EXERCISE AIM
Your job is to print, exactly, the lines in the data below from the line with "Energy price and" through the line with "Morelia, Michoacán, a", both included, and to omit any picture.

AVAILABLE DATA
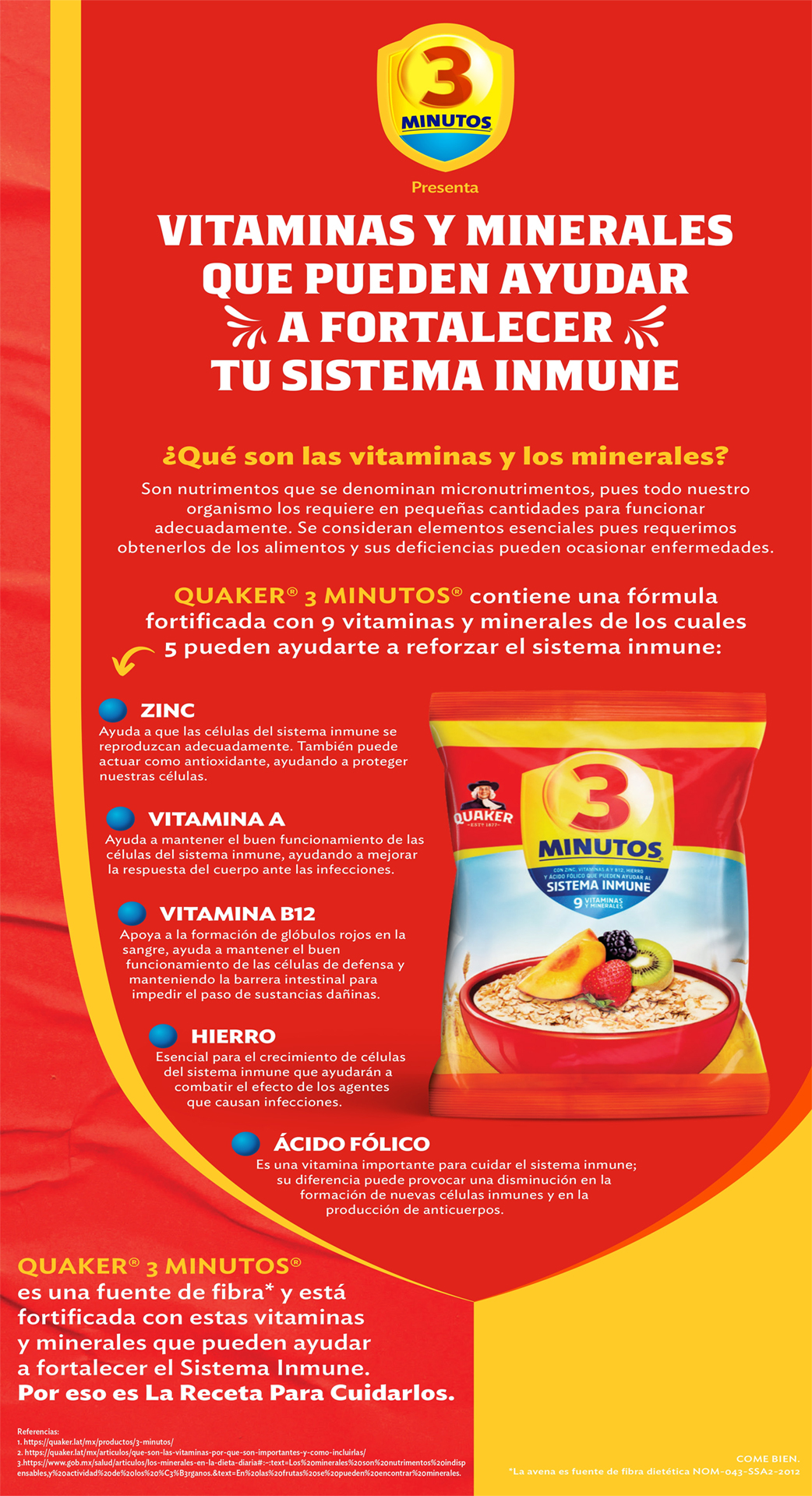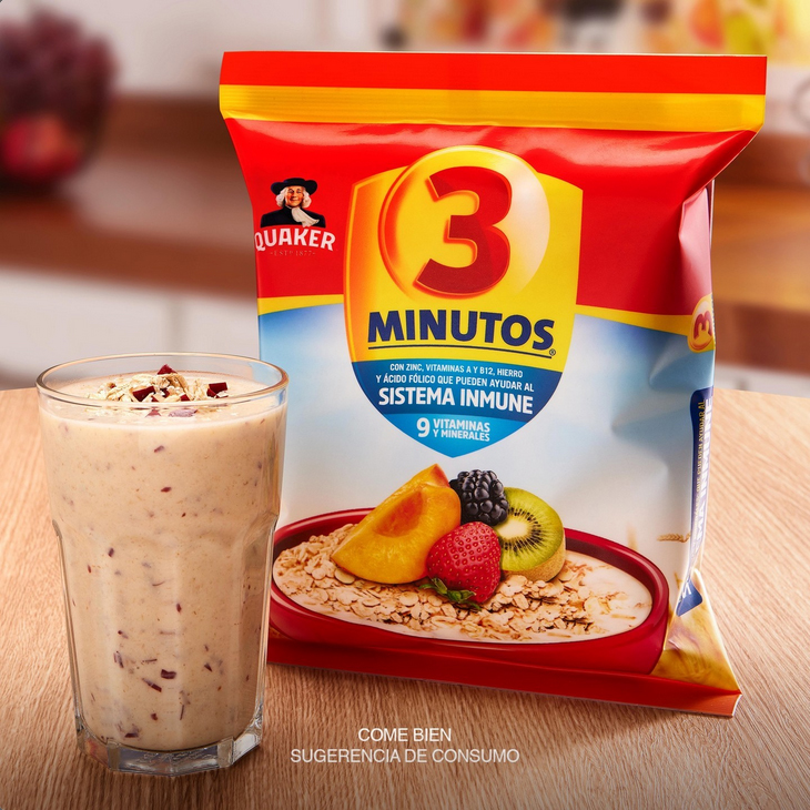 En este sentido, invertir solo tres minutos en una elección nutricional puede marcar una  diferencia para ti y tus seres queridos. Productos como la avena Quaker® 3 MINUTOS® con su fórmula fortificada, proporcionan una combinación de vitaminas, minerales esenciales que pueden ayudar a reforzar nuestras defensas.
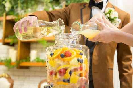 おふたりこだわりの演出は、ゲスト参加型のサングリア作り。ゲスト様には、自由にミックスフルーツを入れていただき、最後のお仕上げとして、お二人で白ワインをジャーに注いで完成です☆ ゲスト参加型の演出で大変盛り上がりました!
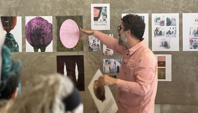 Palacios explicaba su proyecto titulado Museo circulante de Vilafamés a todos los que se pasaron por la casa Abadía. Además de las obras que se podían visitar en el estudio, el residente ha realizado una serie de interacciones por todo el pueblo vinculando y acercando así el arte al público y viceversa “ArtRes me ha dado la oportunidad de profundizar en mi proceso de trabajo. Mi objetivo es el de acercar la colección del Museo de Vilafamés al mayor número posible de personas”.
--
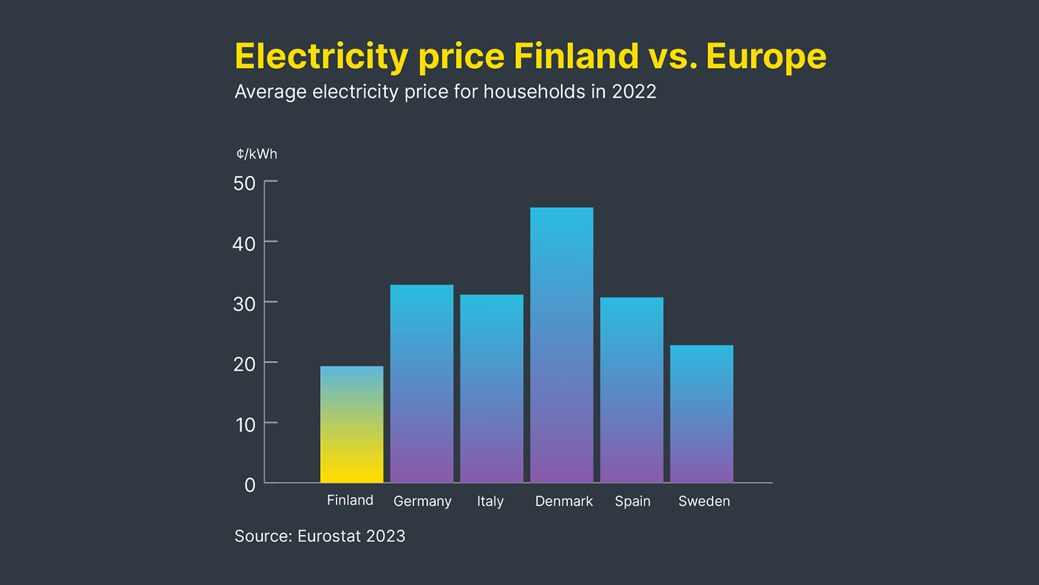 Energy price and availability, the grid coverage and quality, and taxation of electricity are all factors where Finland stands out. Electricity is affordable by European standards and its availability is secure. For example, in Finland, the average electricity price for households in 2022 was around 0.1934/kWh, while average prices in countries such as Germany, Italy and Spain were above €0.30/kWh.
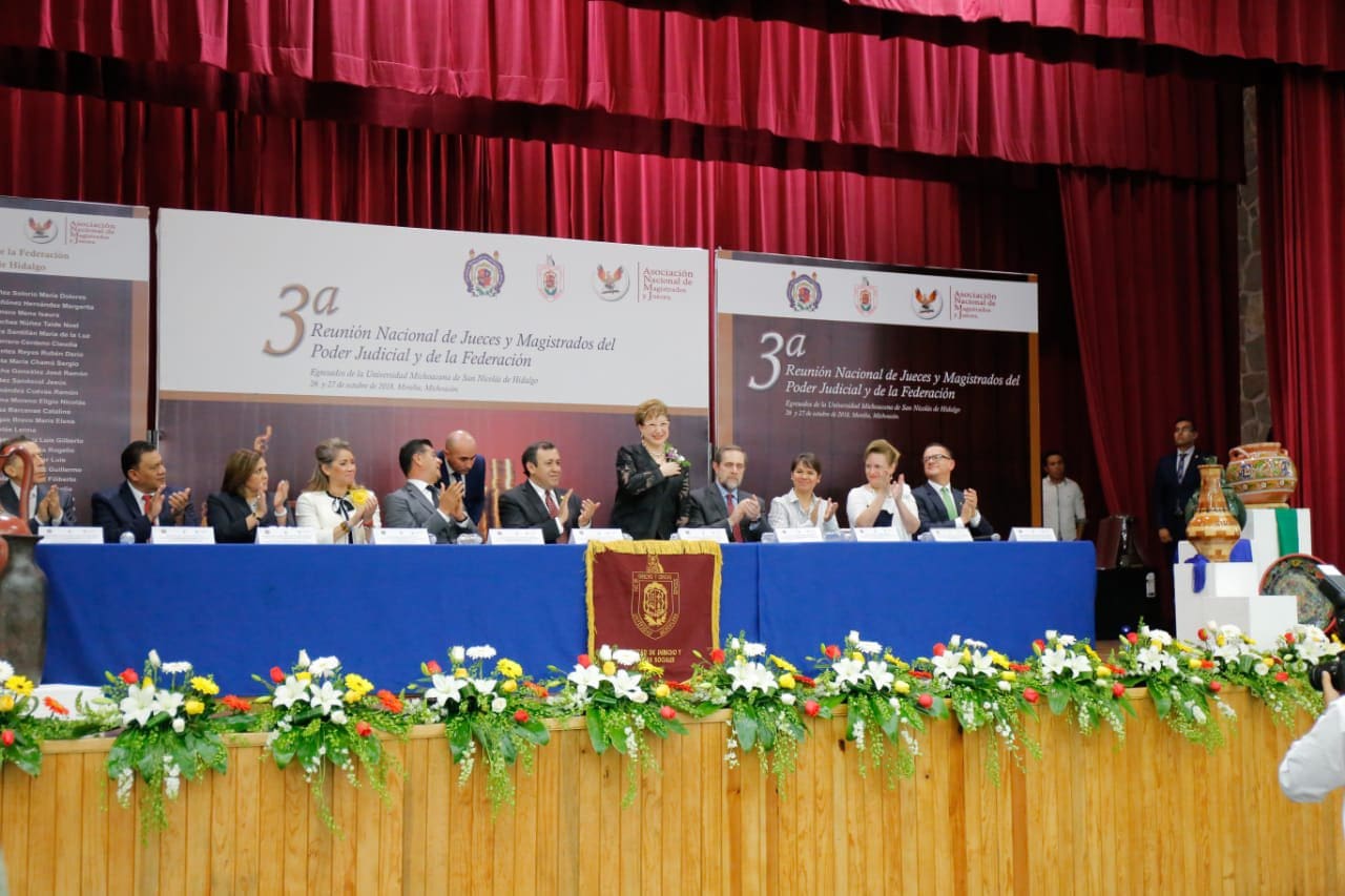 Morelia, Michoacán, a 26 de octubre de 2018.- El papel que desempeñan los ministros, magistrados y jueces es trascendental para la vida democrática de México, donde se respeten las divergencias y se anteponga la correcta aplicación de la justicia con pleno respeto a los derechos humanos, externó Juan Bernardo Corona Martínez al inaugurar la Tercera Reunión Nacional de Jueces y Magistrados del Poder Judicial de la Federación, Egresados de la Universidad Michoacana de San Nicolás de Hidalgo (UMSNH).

SOLUTION
 Energy price and availability, the grid coverage and quality, and taxation of electricity are all factors where Finland stands out. Electricity is affordable by European standards and its availability is secure. For example, in Finland, the average electricity price for households in 2022 was around 0.1934/kWh, while average prices in countries such as Germany, Italy and Spain were above €0.30/kWh.
 Morelia, Michoacán, a 26 de octubre de 2018.- El papel que desempeñan los ministros, magistrados y jueces es trascendental para la vida democrática de México, donde se respeten las divergencias y se anteponga la correcta aplicación de la justicia con pleno respeto a los derechos humanos, externó Juan Bernardo Corona Martínez al inaugurar la Tercera Reunión Nacional de Jueces y Magistrados del Poder Judicial de la Federación, Egresados de la Universidad Michoacana de San Nicolás de Hidalgo (UMSNH).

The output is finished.